Jonah’s Poetic Prayer Inserted in Chapter 2

Bible Scholarship Pre-Christian Prophets

From ChatGPT on 11/19/2025.

In mainstream critical scholarship, the poetic prayer is understood to be the entire psalm in Jonah 2:2–9, with Jonah 2:1 and 2:10 treated as prose framing from the narrative. The prayer itself is widely regarded as a later insertion because its style, theology, and vocabulary match the Psalms rather than the narrative prose of Jonah 1 and 3–4.

Here is how scholars typically break it down:


1. Verses considered the inserted poetic prayer

Jonah 2:2–9 (Hebrew versification: 2:3–10)
This section is in classical Hebrew psalm style, using thanksgiving-psalm vocabulary such as qaraʾti el-YHWH (“I called to YHWH”), sheʾol, tehom, vows, deliverance formulas, and parallelism.
Scholars who treat these verses as the inserted psalm include:

  • Phyllis Trible, Rhetorical Criticism: Context, Method, and the Book of Jonah.
    — Notes the psalm’s genre and structure are not organic to the story and interrupt the narrative flow.
  • Jack M. Sasson, Anchor Yale Bible: Jonah.
    — Identifies the prayer (vv. 2–9) as a psalmic insertion inconsistent with Jonah’s situation and out of step with the plot.
  • Klaus Seybold, Die Psalmen; also his work on psalmody and Jonah.
    — Classifies the prayer as a thanksgiving psalm borrowed from liturgical sources.
  • Uwe Becker, Das Buch Jona: Eine Redaktionsgeschichtliche Untersuchung.
    — Argues that the psalm is secondary and introduced by a later redactor.
  • Rudolf Smend, in his studies on redaction in the Twelve.
    — Views the prayer as a later liturgical addition.

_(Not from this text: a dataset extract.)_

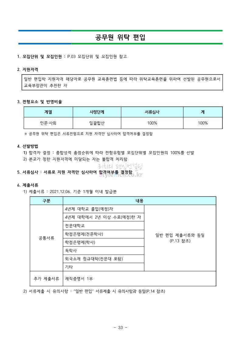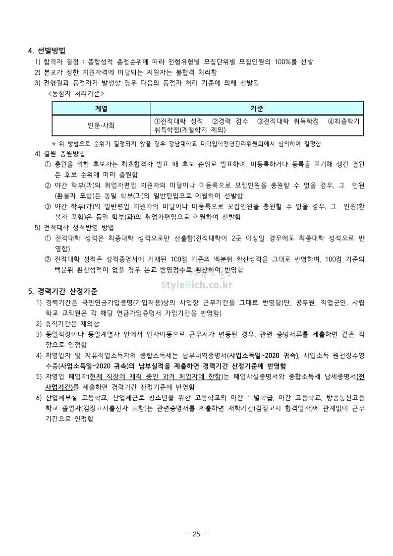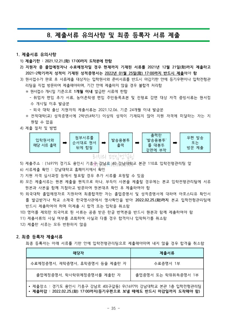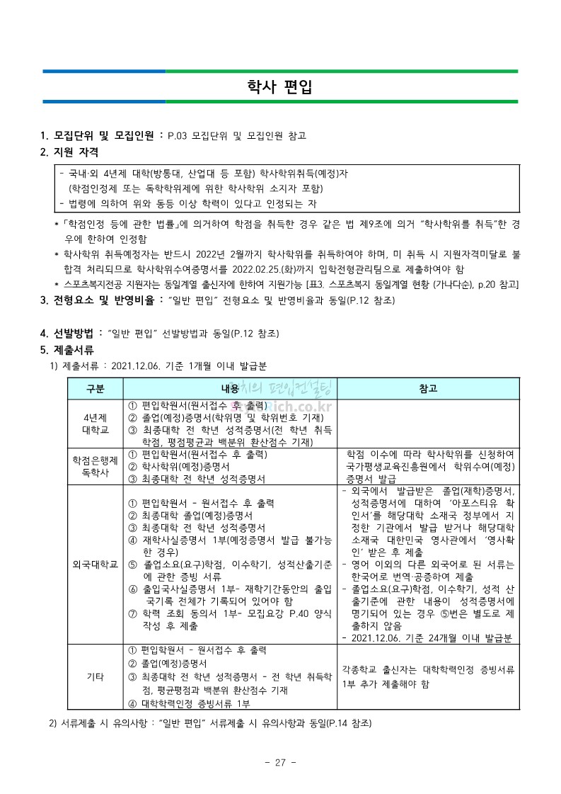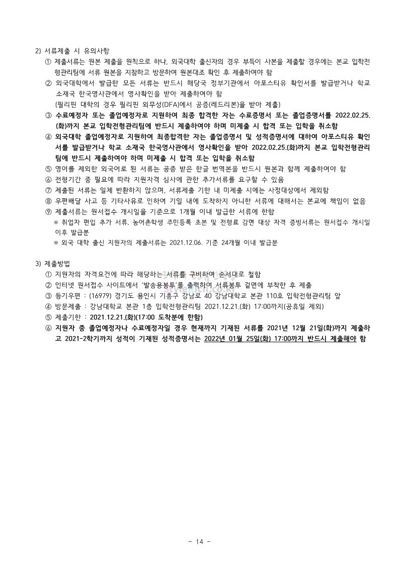 강남대 편입 2022학년도 모집요강을 간편하게 보자! 2021.12.01 00:38 편입 모집요강/2022학년도 모집요강 2022학년도 강남대 편입 모집요강(2021.11.29 기준)을 간편하게 확인하세요. * 최종 모집요강 발표 이후에도 내용의 일부가 변경될 수 있으니 지원 전 반드시 강남대 입학처의 모집요강을 확인 바랍니다. 2022학년도 강남대 편입 모집요강 다운받기 <출처: 강남대> 2022학년도 강남대학교 학교소개 공유하기 게시글 관리 리치의 편입컨설팅 저작자표시 비영리 변경금지 (새창열림) '편입 모집요강 > 2022학년도 모집요강' 카테고리의 다른 글 고려대 편입 2022학년도 모집요강을 간편하게 보자! (0) 2021.12.01 경기대 편입 2022학년도 모집요강을 간편하게 보자! (0) 2021.12.01 연세대 편입 2022학년도 모집요강 간편하게 보자! (0) 2021.11.30 건국대 편입 2022학년도 모집요강 간편하게 보자! (0) 2021.11.30 한국항공대 편입 2022학년도 모집요강 간편하게 보자! (0) 2021.11.29 댓글 공유하기 다른 글 댓글 이 글 공유하기 구독하기 구독하기 카카오톡 카카오톡 라인 라인 트위터 트위터 Facebook Facebook 카카오스토리 카카오스토리 밴드 밴드 네이버 블로그 네이버 블로그 Pocket Pocket Evernote Evernote 다른 글 고려대 편입 2022학년도 모집요강을 간편하게 보자! 고려대 편입 2022학년도 모집요강을 간편하게 보자! 2021.12.01 경기대 편입 2022학년도 모집요강을 간편하게 보자! 경기대 편입 2022학년도 모집요강을 간편하게 보자! 2021.12.01 연세대 편입 2022학년도 모집요강 간편하게 보자! 연세대 편입 2022학년도 모집요강 간편하게 보자! 2021.11.30 건국대 편입 2022학년도 모집요강 간편하게 보자! 건국대 편입 2022학년도 모집요강 간편하게 보자! 2021.11.30 다른 글 더 둘러보기

2. Verses not considered part of the inserted prayer

These are prose narrative before and after the psalm:

  • Jonah 2:1 (Hebrew 2:2): “Then Jonah prayed…”
  • Jonah 2:10 (Hebrew 2:11): “Then YHWH spoke to the fish…”

These two verses fit the narrative style of chapters 1, 3, and 4 and serve as a frame.


3. Why scholars view Jonah 2:2–9 as an insertion

Practical reasons given in the literature:

  1. Narrative interruption: In 2:2–9 Jonah prays a thanksgiving psalm as if already delivered, even though the narrative says he is still inside the fish.
  2. Different genre: The language is psalmic, not narrative; it resembles Psalms 18, 30, 42, 69, 120, and others.
  3. Theological mismatch: The prayer shows gratitude rather than repentance, which does not explain Jonah’s later anger in chapter 4.
  4. Redactional framing: The prose of 2:1 and 2:10 fits the surrounding story seamlessly if the psalm is removed.

Summary

Most critical scholars identify Jonah 2:2–9 as a secondary poetic insertion, with 2:1 and 2:10 as the original narrative frame.